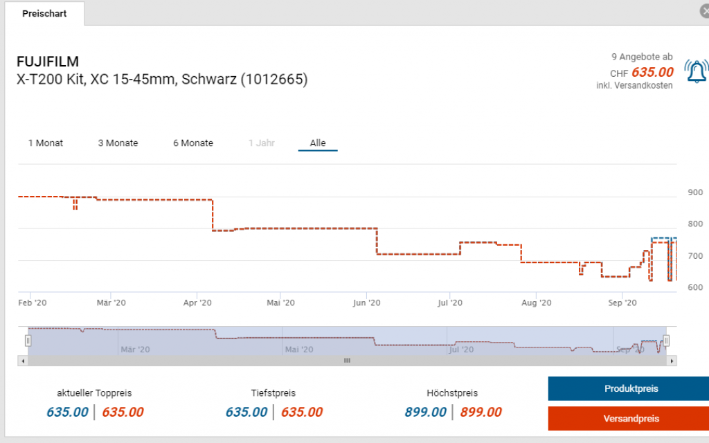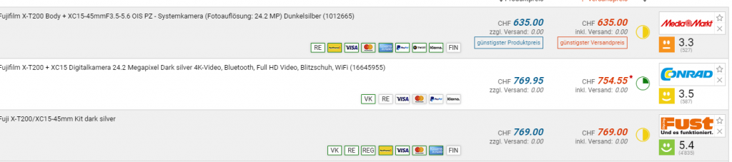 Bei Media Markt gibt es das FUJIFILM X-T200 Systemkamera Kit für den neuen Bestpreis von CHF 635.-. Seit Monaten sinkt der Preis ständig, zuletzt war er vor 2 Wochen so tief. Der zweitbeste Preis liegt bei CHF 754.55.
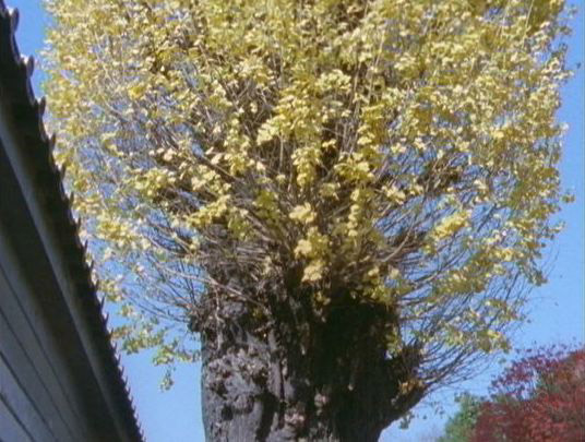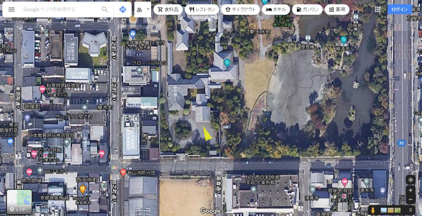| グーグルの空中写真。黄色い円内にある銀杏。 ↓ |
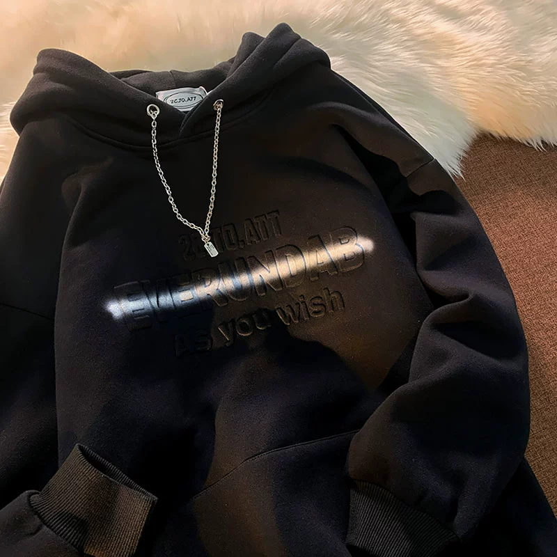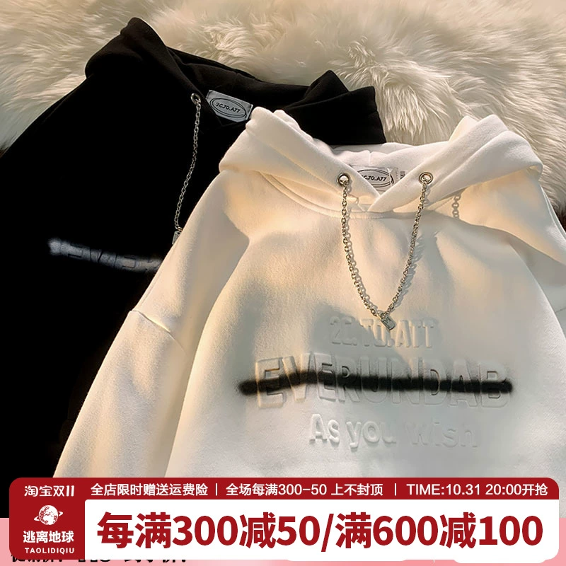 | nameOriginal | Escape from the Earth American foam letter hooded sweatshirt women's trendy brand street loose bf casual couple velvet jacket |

_____

Task item:
What should appear is an exact reproduction of the lines from the one with "グーグルの空中写真。黄色い円内にある銀杏。 ↓ |" through the end of the material above, and no pictures.

Result below:
| グーグルの空中写真。黄色い円内にある銀杏。 ↓ |
 | nameOriginal | Escape from the Earth American foam letter hooded sweatshirt women's trendy brand street loose bf casual couple velvet jacket |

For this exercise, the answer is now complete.